Этот страшный Джоркинс привел меня в ужас. Однако впоследствии выяснилось, что это был тугодум, но человек кроткий, чья роль в фирме сводилась к тому, чтобы держаться на втором плане и пользоваться репутацией неумолимого и бессердечного человека. Если клерк просил о прибавке жалованья, мистер Джоркинс и слышать об этом не хотел. Если клиент мешкал с оплатой по счету, мистер Джоркинс требовал исполнения обязательств и, как бы ни страдали от этого чувства мистера Спенлоу (а они всегда страдали), мистер Джоркинс своего не упускал. Сердце и карман доброго ангела Спенлоу были бы всегда отверсты, если бы не противодействие этого демона Джоркинса. Когда я стал постарше, мне пришлось познакомиться и с другими фирмами, деятельность которых основана на принципах фирмы «Спенлоу и Джоркинс»!
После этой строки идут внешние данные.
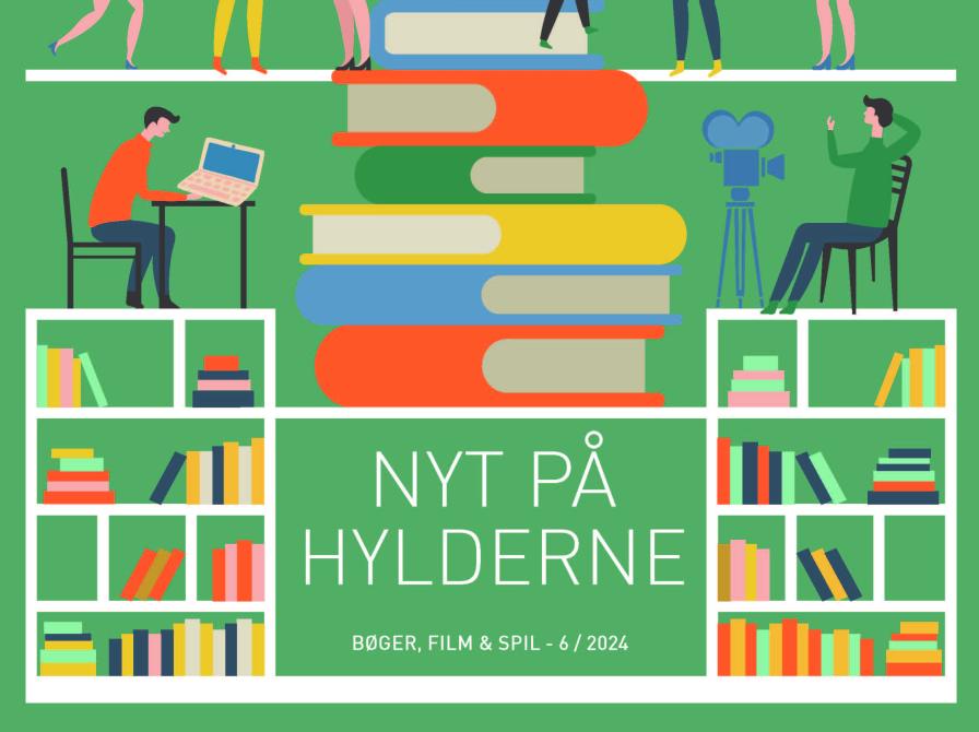Nye bøger, film og spil - 6/2024. Folder med blandet nyt på hylderne. Titler på både nye bøger, film og spil.

Было решено, что свое месячное испытание я начну, когда мне будет удобно, а бабушка может не дожидаться в Лондоне конца этого срока и ей нет нужды возвращаться сюда через месяц, так как договор о моем обучении я пошлю ей для подписи домой. Когда мы условились об этом, мистер Спенлоу предложил сейчас же повести меня в суд и показать, что он собой представляет. Я только этого и хотел, и мы отправились, оставив бабушку в конторе; по ее словам, она не очень доверяла подобным местам, считая, как мне кажется, любой суд своего рода пороховым заводом, который может в любой момент взлететь на воздух.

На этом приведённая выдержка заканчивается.